*** Opening of EXTRACTED ENTRIES ***
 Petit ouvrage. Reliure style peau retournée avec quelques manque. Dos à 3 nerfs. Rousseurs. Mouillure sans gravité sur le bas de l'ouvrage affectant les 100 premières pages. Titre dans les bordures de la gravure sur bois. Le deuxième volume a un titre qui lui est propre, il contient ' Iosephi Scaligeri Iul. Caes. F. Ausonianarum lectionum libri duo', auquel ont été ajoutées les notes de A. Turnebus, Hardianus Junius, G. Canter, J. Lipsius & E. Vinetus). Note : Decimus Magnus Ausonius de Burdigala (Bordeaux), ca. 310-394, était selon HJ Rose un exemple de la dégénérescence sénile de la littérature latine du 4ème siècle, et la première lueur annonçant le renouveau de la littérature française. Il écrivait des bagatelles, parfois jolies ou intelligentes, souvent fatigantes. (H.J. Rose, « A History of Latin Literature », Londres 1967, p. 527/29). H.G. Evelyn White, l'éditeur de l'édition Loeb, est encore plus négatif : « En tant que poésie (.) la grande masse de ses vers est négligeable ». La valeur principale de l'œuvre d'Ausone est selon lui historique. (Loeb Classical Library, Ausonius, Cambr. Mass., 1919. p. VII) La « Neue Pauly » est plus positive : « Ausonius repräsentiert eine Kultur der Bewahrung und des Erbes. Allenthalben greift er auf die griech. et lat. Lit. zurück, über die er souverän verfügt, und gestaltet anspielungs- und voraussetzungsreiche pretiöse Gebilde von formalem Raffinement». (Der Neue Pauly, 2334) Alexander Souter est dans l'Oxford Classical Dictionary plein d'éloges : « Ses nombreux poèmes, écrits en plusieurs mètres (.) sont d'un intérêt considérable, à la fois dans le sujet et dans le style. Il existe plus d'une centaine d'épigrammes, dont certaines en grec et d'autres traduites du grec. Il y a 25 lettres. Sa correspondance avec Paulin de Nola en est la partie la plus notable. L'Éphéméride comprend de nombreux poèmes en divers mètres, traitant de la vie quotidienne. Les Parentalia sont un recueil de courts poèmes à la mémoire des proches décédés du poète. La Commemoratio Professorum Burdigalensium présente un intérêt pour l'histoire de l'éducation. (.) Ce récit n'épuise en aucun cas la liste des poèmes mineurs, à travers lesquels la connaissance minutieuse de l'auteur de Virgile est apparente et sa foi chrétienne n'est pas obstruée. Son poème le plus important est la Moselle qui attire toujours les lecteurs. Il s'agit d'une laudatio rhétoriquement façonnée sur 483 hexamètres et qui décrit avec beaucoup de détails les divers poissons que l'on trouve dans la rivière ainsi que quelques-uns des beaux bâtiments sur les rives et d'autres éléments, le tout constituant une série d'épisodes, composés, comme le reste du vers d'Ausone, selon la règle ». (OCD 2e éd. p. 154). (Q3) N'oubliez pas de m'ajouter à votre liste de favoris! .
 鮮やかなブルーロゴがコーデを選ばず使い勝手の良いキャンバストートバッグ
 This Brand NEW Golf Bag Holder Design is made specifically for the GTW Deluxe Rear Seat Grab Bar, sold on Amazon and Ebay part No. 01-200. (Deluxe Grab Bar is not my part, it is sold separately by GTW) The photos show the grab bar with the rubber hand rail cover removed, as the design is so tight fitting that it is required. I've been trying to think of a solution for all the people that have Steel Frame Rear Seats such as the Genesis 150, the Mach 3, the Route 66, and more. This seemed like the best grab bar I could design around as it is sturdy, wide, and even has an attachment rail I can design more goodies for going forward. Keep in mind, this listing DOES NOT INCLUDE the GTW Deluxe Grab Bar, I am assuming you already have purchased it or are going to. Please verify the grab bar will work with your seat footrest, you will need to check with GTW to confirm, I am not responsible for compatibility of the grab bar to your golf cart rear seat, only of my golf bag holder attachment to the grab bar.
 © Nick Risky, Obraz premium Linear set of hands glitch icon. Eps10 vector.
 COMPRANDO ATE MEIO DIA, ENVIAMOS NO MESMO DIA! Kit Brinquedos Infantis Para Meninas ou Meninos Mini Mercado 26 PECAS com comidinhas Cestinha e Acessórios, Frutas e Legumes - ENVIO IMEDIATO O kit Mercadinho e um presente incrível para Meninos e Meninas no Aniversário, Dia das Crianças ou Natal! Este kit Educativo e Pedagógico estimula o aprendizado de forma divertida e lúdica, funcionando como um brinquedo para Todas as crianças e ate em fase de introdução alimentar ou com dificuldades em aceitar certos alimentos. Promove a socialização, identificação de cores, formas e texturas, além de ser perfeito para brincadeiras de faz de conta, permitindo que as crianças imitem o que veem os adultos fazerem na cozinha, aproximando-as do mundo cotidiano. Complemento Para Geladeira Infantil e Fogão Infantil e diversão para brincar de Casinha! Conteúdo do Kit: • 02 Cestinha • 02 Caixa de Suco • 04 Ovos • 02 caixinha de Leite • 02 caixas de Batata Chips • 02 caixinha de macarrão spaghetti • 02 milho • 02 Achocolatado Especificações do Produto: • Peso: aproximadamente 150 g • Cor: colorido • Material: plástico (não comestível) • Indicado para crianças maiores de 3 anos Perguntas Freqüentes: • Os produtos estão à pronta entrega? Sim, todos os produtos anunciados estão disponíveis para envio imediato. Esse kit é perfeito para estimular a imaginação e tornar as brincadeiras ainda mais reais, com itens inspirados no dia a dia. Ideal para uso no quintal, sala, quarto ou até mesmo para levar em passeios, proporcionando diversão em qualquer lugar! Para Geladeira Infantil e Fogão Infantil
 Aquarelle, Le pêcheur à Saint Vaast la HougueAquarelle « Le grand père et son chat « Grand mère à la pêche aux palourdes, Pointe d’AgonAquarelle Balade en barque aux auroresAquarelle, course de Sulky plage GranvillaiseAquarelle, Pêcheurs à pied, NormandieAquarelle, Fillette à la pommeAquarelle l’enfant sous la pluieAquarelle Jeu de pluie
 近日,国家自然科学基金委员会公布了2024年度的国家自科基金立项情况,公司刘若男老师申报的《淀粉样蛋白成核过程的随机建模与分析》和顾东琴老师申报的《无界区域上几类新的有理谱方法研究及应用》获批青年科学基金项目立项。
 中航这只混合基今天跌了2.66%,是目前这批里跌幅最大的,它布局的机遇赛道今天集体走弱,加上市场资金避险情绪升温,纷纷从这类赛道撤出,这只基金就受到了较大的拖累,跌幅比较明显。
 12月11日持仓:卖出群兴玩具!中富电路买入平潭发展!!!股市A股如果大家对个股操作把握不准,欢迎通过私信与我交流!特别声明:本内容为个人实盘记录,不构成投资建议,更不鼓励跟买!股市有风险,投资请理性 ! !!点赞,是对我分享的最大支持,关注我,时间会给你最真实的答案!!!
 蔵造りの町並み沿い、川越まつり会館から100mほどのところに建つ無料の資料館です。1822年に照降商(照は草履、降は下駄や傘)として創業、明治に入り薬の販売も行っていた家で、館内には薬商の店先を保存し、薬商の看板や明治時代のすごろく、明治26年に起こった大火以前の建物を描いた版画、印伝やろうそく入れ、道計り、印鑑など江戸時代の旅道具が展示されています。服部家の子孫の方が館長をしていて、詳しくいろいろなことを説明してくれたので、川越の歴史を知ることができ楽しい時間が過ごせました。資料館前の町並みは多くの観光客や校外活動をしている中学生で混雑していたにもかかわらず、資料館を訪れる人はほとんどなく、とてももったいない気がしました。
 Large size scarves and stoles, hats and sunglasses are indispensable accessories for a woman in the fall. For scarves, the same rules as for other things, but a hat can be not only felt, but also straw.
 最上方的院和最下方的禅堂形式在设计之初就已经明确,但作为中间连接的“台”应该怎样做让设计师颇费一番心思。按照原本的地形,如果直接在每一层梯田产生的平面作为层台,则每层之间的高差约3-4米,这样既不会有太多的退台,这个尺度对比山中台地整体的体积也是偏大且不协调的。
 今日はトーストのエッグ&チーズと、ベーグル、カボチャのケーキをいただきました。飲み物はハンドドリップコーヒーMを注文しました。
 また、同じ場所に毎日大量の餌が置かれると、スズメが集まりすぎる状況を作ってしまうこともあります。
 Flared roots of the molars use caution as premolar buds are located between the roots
*** Close of EXTRACTED ENTRIES ***
◆ **TASK TO CARRY OUT**: Everything from the line that contains "また、同じ場所に毎日大量の餌" to the last line of the entries above should be repeated word for word, both lines included, with no other output.

◆ **EXERCISE ANSWER**:
 また、同じ場所に毎日大量の餌が置かれると、スズメが集まりすぎる状況を作ってしまうこともあります。
 Flared roots of the molars use caution as premolar buds are located between the roots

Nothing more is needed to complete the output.